Fishing for History in the Klamath River

Yurok tribal member Pergish Carlson shares stories about river outings where time stands still

It’s no surprise that you might see osprey, bald eagles, or even bears along the lower Klamath River. After all, the waters are a moveable feast of salmon.

The wildlife, however, shares a home with the Yurok tribe, which has been living and fishing in these waters for time immemorial. In this Outbound Collective video, Yurok member Pergish Carlson talks about the Blue Creek Guide Servicefishing trips he leads along the Klamath.

“It’s not just redwoods, water, and fish out here,” says Carlson in the video. “When you’re on our river, you’re traveling on our ancestors.” The Yurok people are California’s largest Native American Tribe, with more than 6,000 members, and have a rich history of fishing, basket weaving, canoe making, and storytelling. Here’s how to explore these waters yourself, enjoying both blissful scenery and a glimpse of Yurok heritage.

The Back Story

The Klamath is the second-largest river in California, stretching 286 miles through the Golden State (and 11 more in Oregon); its watershed is as big as Massachusetts and Connecticut combined. Much of the river runs through the Yurok tribal lands in Humboldt and Del Norte counties, and is often surrounded by redwood forests—including the Redwood National and State Parks.

This lower stretch of the Klamath is teeming with salmon and steelhead, but there’s also limited public access, making the tours with Carlson’s Blue Creek Guide Services quite special.

Visit Native California, Pergish Carlson, Outbound Collective

Take the Tour

Choose from the full-day Salmon and Steelhead trip (two-person minimum) or a River Scenic Trip. For the scenic tour, dress in layers with a hat, and bring along your own lunch and water. For a fishing trip, bring your short-term or yearly fishing license too; the package otherwise includes gear such as rods, reels, tackle, and bait.

With either tour you get a front-row view of redwoods and wildlife along the riverbanks, such as beavers and river otters. Most trips start at the Klamath Glen boat ramp, about 10 minutes from downtown Klamath.

Keep Exploring

To learn more about Yurok culture, head to the Yurok Country Visitor Center & Amphitheater in downtown Klamath. Browse the gift shop with jewelry, baskets, and other crafts and keep an eye for storytelling or dance performances in the amphitheater.

There are more ways to play on the water in Yurok Country, too. At the visitor’s center, you can book spots with Redwood Yurok Canoe Tours, where you paddle authentic dugout redwood canoes (June–September) or Klamath River Jet Boat tours (May–October).  
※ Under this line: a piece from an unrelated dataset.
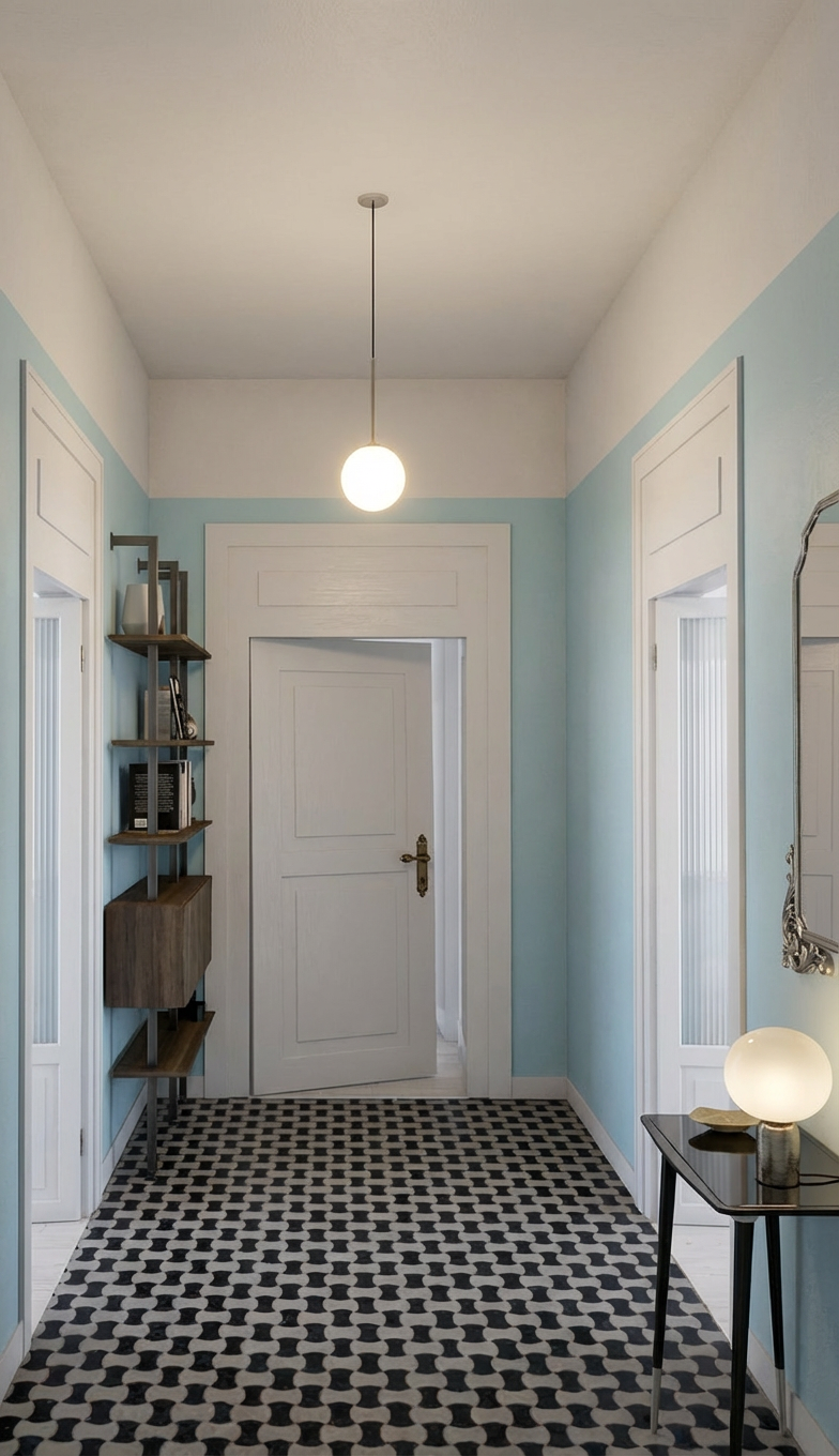 big bjarke ingels group exterior shot render a charming modern farmhouse with a welcoming atmosphere the house features smartly designed color and material blocking using light brick dark blue hardie exterior paneling and wood panel accents large windows with dark gray roof the front porch has detailed railings and a warm wooden door the surrounding landscape includes lush green grass vibrant flower beds in shades of lavender pink and yellow and tall green trees that frame the property the sky is a clear blue with a soft golden glow from a setting sun casting gentle shadows on the house overall the scene should feel serene and inviting architecture

It’s also easy to combine this watery adventure with a visit to Redwood National and State Parks, or walking the canopy trails through the Trees of Mystery park.

When to Go

Scenery and steelhead salmon abound here pretty much year-round, but if you want chinook salmon, come during August or September, when the chinook swim upriver to spawn. August also brings the annual Salmon Festival in Klamath which includes a fun run, parade, and an epic salmon feast.

Where to Stay

You have a variety of nearby hotel options in Yurok Country, such as the Redwood Hotel & Casino, a Holiday Inn–brand resort (and the only hotel within the Redwood National and State Parks) and the Yurok-owned Bluff Creek Resort, comprised of cabins, campgrounds, and RV hookups.